» **WHAT THE TASK REQUIRES**:
Exclude all pictures, then restate the entries below word for word.
>>
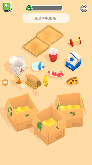 5、注意看關(guān)卡的要求,比如這里是正確回收物品,只要將物品正確放置收納盒中即可通關(guān);
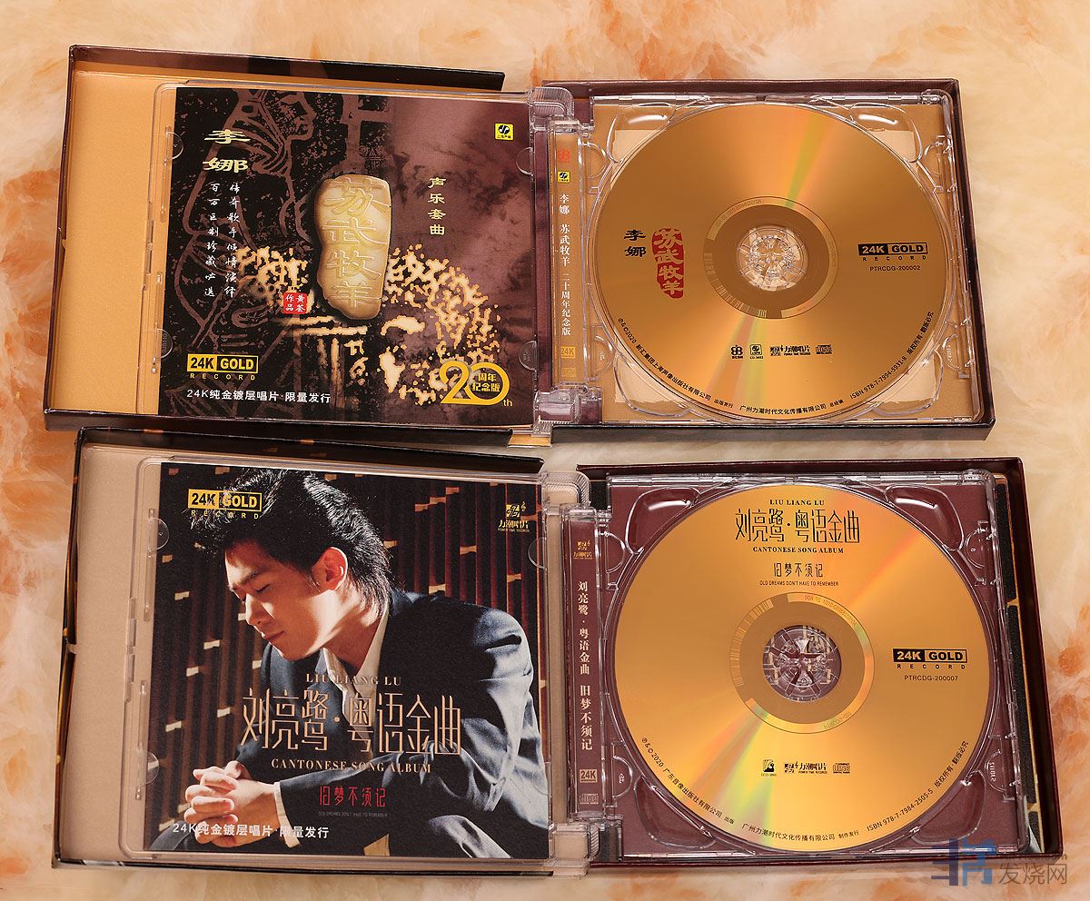 最近力潮唱片用上海新索24K高清纯金唱片格式再版了两张经典唱片:《李娜 苏武牧羊》、《 刘亮鹭 旧梦不须记 粤语金曲》,各限量发行1000张。
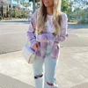 2021 autumn and winter women's new beauty fashion plaid printed long-sleeved cardigan single-breasted casual jacket
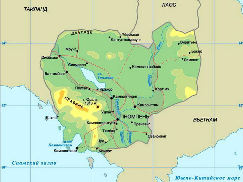 Королівство Камбоджа – це держава у Південно-Східній Азії, на півдні півострова Індокитай. Площа країни – близько 181 тис. кв. км., межує на півночі з Лаосом, на північному заході - з Таїландом, на сході та південному сході - з В'єтнамом, на південному заході омивається водами Сіамської затоки
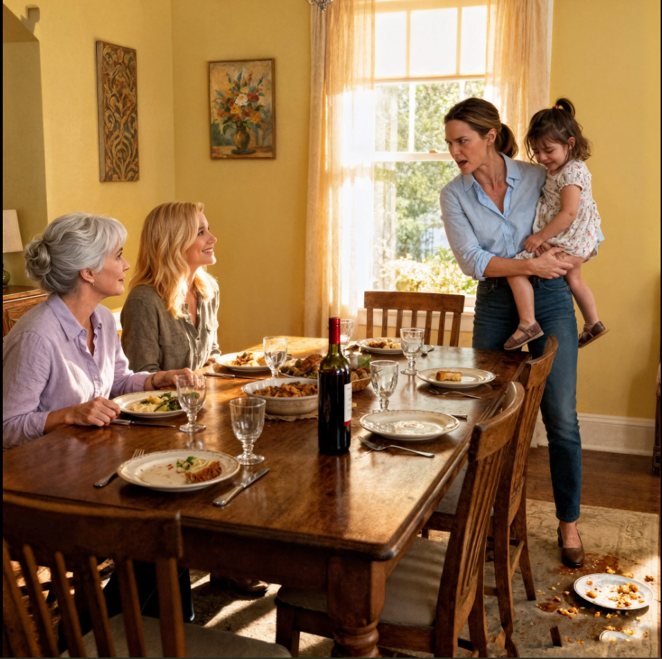 Je restais assise tranquillement à côté de ma fille de trois ans, Emma, l’aidant à couper de minuscules bouchées. Elle avait été d’un exemplaire parfait toute la soirée, balançant ses jambes sous la chaise et essayant de participer à une conversation où personne ne prenait la peine de l’inclure.
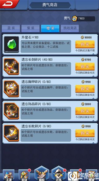 在试炼之塔中获得勇气币之后可以在勇气商店购买武器碎片和升星石。蓝装,紫装中购买装备碎片是没有次数限制的,只要你有勇气币你就可以无限买买买。橙装的装备碎片每个部位每天限购次数为10次。挑战商店是需要达到对应的层数才可以开启购买,每个装备仅能购买一次,但是这里所需消耗的勇气币同类装备要比其他商店都要低很多。
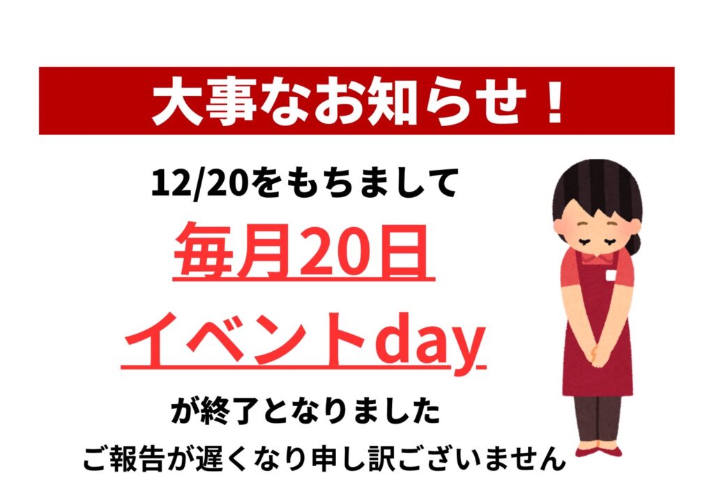 誠に残念ながら、毎月20日のイベント日は12/20をもちまして終了となりました。今後も何かしらのイベントを考えていますのでその際はまた投稿いたします!!
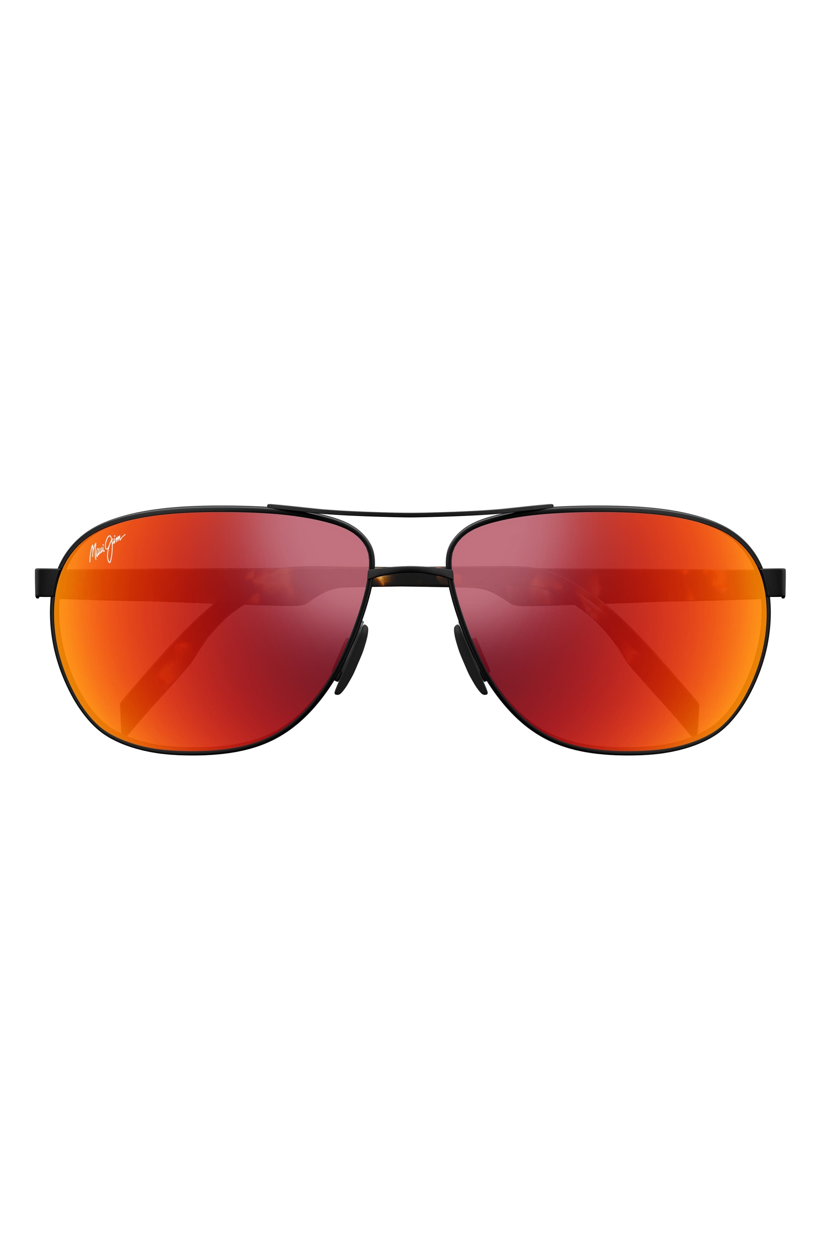 Maui Jim Castles 61mm PolarizedPlus2® Aviator Sunglasses in Black/Hawaii Lava at Nordstrom
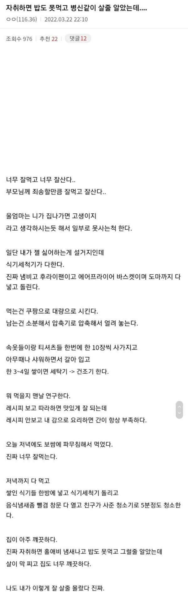 자취하면 ㅂㅅ같이 살 줄 알았던 디씨인9 > 유머/감동
<<
» **ANSWER BOX**:
 5、注意看關(guān)卡的要求,比如這里是正確回收物品,只要將物品正確放置收納盒中即可通關(guān);
 最近力潮唱片用上海新索24K高清纯金唱片格式再版了两张经典唱片:《李娜 苏武牧羊》、《 刘亮鹭 旧梦不须记 粤语金曲》,各限量发行1000张。
 2021 autumn and winter women's new beauty fashion plaid printed long-sleeved cardigan single-breasted casual jacket
 Королівство Камбоджа – це держава у Південно-Східній Азії, на півдні півострова Індокитай. Площа країни – близько 181 тис. кв. км., межує на півночі з Лаосом, на північному заході - з Таїландом, на сході та південному сході - з В'єтнамом, на південному заході омивається водами Сіамської затоки
 Je restais assise tranquillement à côté de ma fille de trois ans, Emma, l’aidant à couper de minuscules bouchées. Elle avait été d’un exemplaire parfait toute la soirée, balançant ses jambes sous la chaise et essayant de participer à une conversation où personne ne prenait la peine de l’inclure.
 在试炼之塔中获得勇气币之后可以在勇气商店购买武器碎片和升星石。蓝装,紫装中购买装备碎片是没有次数限制的,只要你有勇气币你就可以无限买买买。橙装的装备碎片每个部位每天限购次数为10次。挑战商店是需要达到对应的层数才可以开启购买,每个装备仅能购买一次,但是这里所需消耗的勇气币同类装备要比其他商店都要低很多。
 誠に残念ながら、毎月20日のイベント日は12/20をもちまして終了となりました。今後も何かしらのイベントを考えていますのでその際はまた投稿いたします!!
 Maui Jim Castles 61mm PolarizedPlus2® Aviator Sunglasses in Black/Hawaii Lava at Nordstrom
 자취하면 ㅂㅅ같이 살 줄 알았던 디씨인9 > 유머/감동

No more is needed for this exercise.